### Dataset entries:
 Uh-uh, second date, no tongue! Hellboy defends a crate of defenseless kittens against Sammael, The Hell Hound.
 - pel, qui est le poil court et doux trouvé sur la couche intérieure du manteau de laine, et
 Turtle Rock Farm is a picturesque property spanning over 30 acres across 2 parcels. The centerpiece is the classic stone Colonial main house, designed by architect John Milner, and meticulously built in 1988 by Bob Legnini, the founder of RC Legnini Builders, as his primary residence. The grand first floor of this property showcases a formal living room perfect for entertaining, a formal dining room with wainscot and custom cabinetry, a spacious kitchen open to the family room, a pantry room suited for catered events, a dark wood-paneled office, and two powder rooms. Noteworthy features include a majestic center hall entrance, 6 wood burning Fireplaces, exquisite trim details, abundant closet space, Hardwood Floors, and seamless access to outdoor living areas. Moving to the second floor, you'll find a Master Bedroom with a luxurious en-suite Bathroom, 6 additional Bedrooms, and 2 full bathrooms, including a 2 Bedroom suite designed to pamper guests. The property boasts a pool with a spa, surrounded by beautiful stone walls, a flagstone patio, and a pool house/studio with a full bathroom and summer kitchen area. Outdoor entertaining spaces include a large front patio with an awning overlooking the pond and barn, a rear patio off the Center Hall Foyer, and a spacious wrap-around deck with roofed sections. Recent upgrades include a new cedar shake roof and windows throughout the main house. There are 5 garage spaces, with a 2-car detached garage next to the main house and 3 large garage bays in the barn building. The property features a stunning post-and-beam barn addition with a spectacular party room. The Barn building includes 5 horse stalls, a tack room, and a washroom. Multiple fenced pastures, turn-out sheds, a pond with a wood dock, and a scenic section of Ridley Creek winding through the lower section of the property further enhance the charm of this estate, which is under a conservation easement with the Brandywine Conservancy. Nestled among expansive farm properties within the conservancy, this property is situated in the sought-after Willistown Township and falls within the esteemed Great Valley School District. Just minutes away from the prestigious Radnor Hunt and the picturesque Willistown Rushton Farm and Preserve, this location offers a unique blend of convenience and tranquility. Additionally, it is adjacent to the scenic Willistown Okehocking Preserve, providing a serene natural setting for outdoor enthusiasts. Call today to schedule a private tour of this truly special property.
==
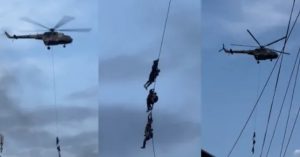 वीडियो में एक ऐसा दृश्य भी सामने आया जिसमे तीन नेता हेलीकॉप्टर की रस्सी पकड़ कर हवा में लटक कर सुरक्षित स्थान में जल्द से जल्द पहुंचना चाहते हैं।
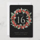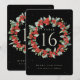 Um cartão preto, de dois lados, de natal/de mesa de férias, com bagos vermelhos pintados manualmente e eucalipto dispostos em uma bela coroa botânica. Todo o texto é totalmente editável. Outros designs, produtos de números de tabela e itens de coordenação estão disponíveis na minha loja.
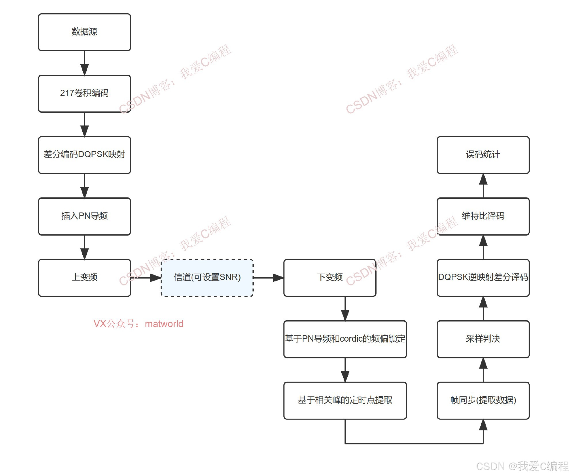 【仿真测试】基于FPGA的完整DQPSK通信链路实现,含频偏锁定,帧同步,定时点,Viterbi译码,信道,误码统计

### About this task:
For the lines above, output exactly those from the line containing "Uh-uh, second date, no" through the line containing "- pel, qui est", and skip the others.

### Answer to this exercise:
 Uh-uh, second date, no tongue! Hellboy defends a crate of defenseless kittens against Sammael, The Hell Hound.
 - pel, qui est le poil court et doux trouvé sur la couche intérieure du manteau de laine, et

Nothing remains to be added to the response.